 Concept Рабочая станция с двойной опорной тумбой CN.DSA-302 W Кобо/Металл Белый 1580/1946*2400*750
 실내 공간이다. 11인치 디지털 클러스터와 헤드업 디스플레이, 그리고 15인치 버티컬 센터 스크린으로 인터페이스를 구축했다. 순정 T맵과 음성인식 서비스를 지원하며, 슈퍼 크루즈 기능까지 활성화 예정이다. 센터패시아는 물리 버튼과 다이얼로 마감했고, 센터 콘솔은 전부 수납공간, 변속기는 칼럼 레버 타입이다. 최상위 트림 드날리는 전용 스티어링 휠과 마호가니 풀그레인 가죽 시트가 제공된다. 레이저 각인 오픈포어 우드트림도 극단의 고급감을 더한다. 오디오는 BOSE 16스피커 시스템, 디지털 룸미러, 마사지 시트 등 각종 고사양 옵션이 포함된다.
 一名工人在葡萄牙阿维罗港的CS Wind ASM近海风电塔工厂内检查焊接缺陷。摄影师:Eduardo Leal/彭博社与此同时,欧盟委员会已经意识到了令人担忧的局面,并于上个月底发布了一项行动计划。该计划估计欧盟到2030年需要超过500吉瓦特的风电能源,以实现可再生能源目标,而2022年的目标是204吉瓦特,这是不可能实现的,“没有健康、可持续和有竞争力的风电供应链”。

==

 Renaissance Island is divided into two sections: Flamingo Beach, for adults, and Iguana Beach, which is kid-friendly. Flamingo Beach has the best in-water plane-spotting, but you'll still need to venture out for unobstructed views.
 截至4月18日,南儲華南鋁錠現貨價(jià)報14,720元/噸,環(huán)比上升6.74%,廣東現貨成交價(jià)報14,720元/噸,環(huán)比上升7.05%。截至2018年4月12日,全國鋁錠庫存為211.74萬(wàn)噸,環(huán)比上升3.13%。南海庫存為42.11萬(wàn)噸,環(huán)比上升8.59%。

...

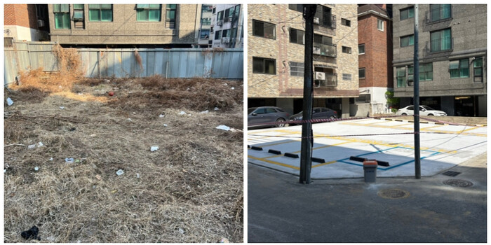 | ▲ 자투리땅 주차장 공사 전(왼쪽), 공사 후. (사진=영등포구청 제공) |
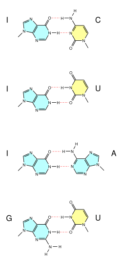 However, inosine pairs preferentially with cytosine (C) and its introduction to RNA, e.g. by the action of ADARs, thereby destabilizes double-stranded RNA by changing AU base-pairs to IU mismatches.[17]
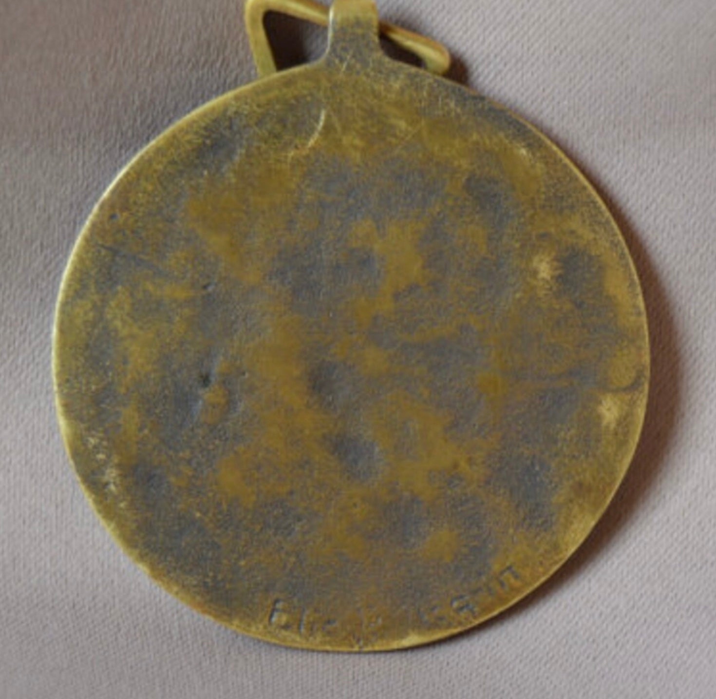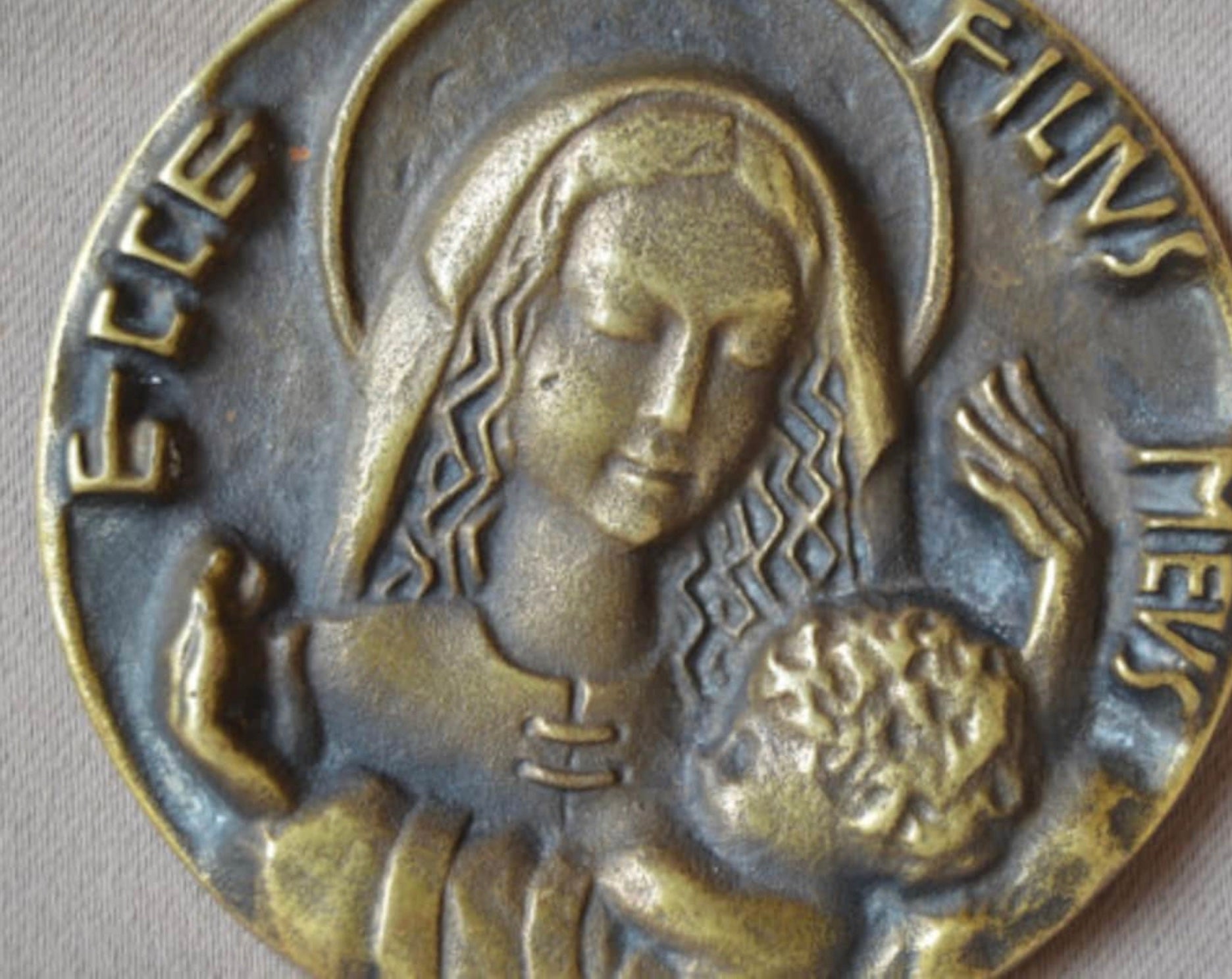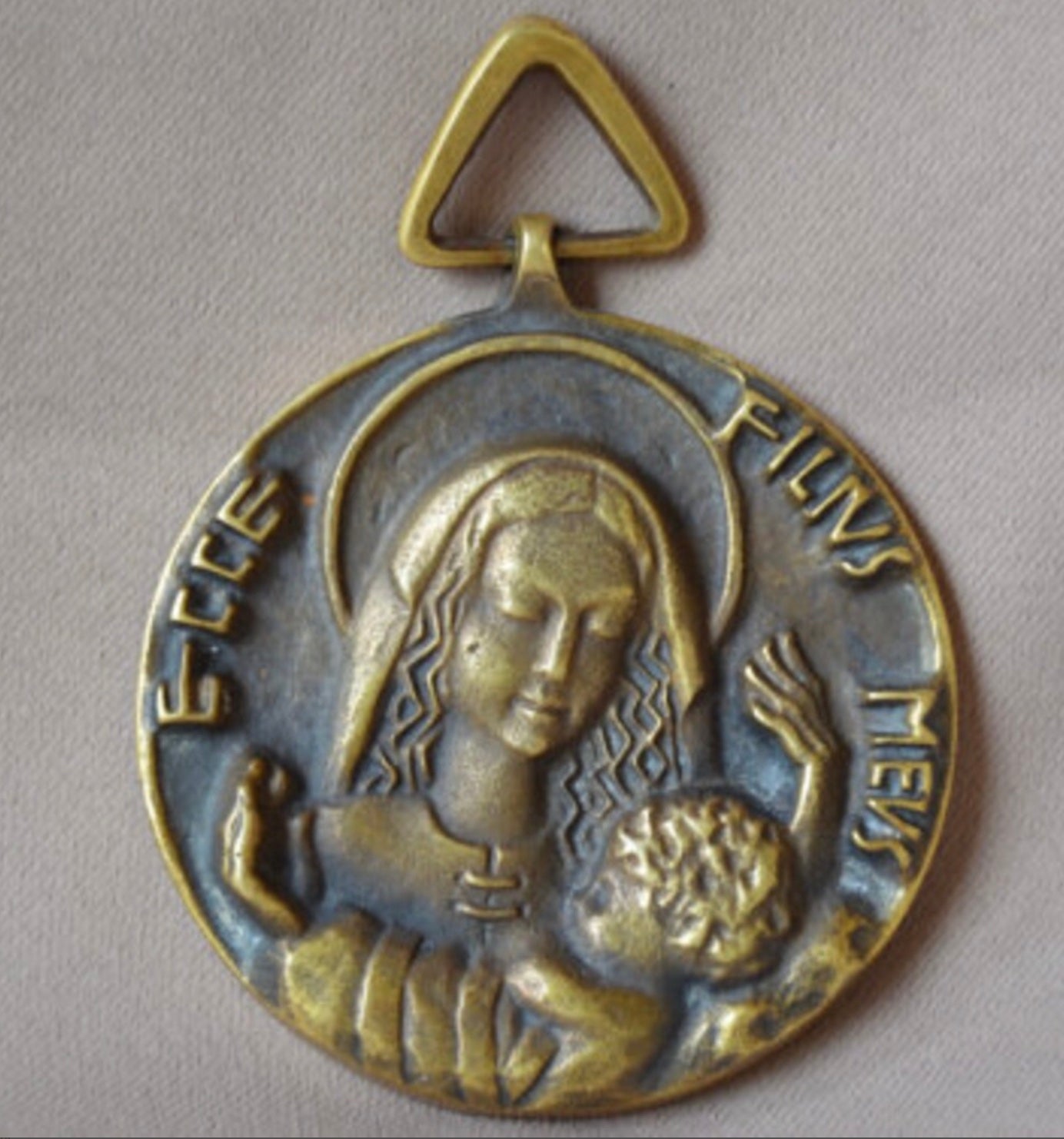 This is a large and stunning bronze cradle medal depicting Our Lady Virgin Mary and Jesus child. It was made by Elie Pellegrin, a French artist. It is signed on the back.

# Exercise requirements
Copy out the range of lines above starting at the line with "Renaissance Island is" and ending at the line with "截至4月18日,南儲華南鋁錠", exactly and including both.

# Output for this exercise
 Renaissance Island is divided into two sections: Flamingo Beach, for adults, and Iguana Beach, which is kid-friendly. Flamingo Beach has the best in-water plane-spotting, but you'll still need to venture out for unobstructed views.
 截至4月18日,南儲華南鋁錠現貨價(jià)報14,720元/噸,環(huán)比上升6.74%,廣東現貨成交價(jià)報14,720元/噸,環(huán)比上升7.05%。截至2018年4月12日,全國鋁錠庫存為211.74萬(wàn)噸,環(huán)比上升3.13%。南海庫存為42.11萬(wàn)噸,環(huán)比上升8.59%。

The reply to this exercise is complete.